What I can't stand in YA books is that readers obviously know that this leading heroine is attractive and smart and talented in some way. We know this because 1) There's a love triangle. And let's face it, if the girl's got game, she's doing something right, or 2) When have we ever watched a successful movie where the leading and super hot hero love interest is interested in someone who isn't attractive? Never. To me, there is no definition between what is considered attractive and what is not, but all media focus on a certain kind of attractive. And this also includes books. 

I'm not blaming authors and I'm not bashing books. I love books and I love authors. But what I think is that we need more female characters that are more confident in their appearance. This, meaning that the main girl can be all geeky and awkward and socially inept, but know that she is pretty and smart and in command of who she is.

Do I think I'm attractive? Uhhh, yes and no. I find that I am too skinny and my hair is flat and boring. I don't think that my face or body is all that stunning, but not only is it not a major issue for me, but I also am confident in who I am in some ways. I never wear makeup. Mainly, it's because I'm lazy and don't like makeup, but I also know that I don't look that unattractive without it. I don't consider myself to be pretty, but I think I'm cute. And that's what counts. Also, within the six years of high school I've been in, two boys have admitted that they had a crush on me. While that may not be all that impressive, it proves that I'm not all that ugly. I mean, there must be something that's physically appealing about my face that others see as well, along with my personality.

Instead of sending this message out to young girls that read YA that it's okay to think you're unattractive because, someday, your handsome prince will come and sweep you away, let's do something else. To me, this just makes the main heroine look like she's fishing for compliments and is in complete denial when her potential boyfriend insists that she is beautiful. While this idea has many perks (like relating to all those other girls that don't think that she's attractive and is a great technique for making character growth), it also has its downfalls, because this, in some ways, makes that girl look weak and a damsel, when in all actuality, that character's not because she ends up saving the day in the end. 

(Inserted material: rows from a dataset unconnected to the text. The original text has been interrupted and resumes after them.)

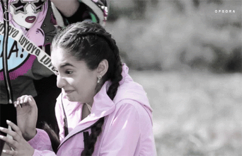 Anushka Sen from Khatron Ke Khiladi 11, wearing a pink jacket, smiles while interacting with another person.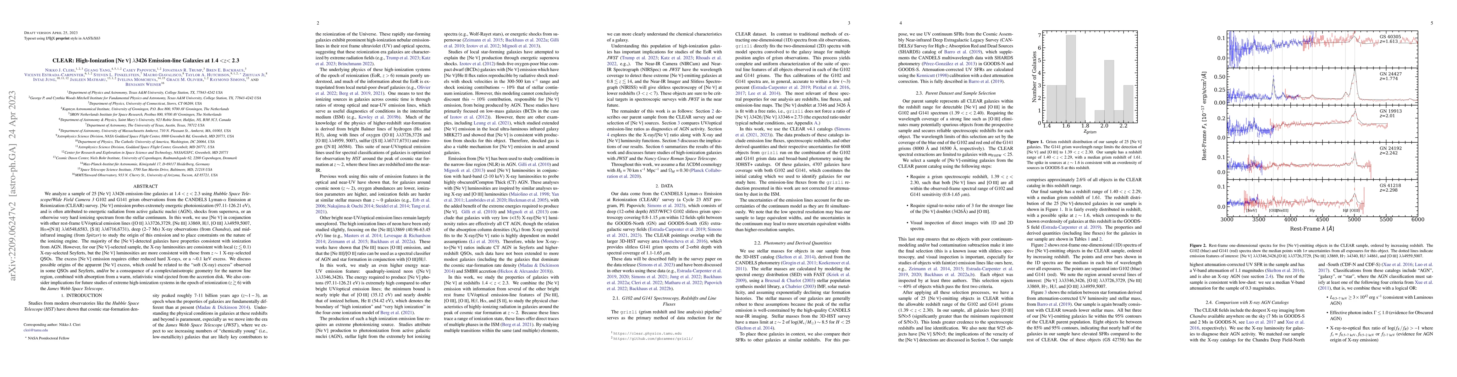 This study analyzes 25 high-ionization [Ne V] emission-line galaxies at $1.4<z<2.3$ to identify the source of their extreme ionization, finding that the majority likely originate from active galactic nuclei (AGN). The [Ne V] emission suggests a complex ionizing environment, potentially involving AGN, supernova shocks, or hard stellar spectra, and raises questions about the nature of the ionizing source and its implications for future studies with JWST.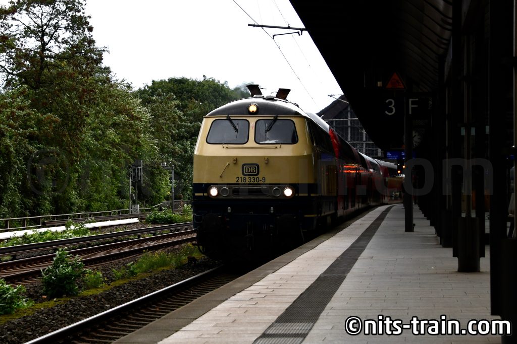 Während wir auf den Abschiedswagen warteten, kam eine Sandwich-Garnitur mit 218ern. Die parallele Einfahrt des Sonderzuges und diesem Ersatzzug brachte uns schon Sorgen, aber zum Glück war die 218 schneller weg. Hier noch gut zu erkennen, dass es zwar sehr bewölkt ist, aber noch trocken.

What I think should happen with girls in YA is: make those girls confident in who she is right from the very start. What YA books are teaching the younger demographic is that it is okay to not like her body or her face because eventually, some guy will see the true beauty within her. That's not good! And to think I almost fell for this, too! Women shouldn't have to wait for the man. Women can be confident and women can be in control and women of all kinds can be pretty. I think I see this trend more in dystopia of female confidence than I do in, say, contemporary or paranormal. Perhaps this is why dystopia is a growing, popular genre?

Maybe I'm speaking nonsense here, but it's what has been on my mind. What are your thoughts? Do you think this is true? Do you disagree? Tell me what you think!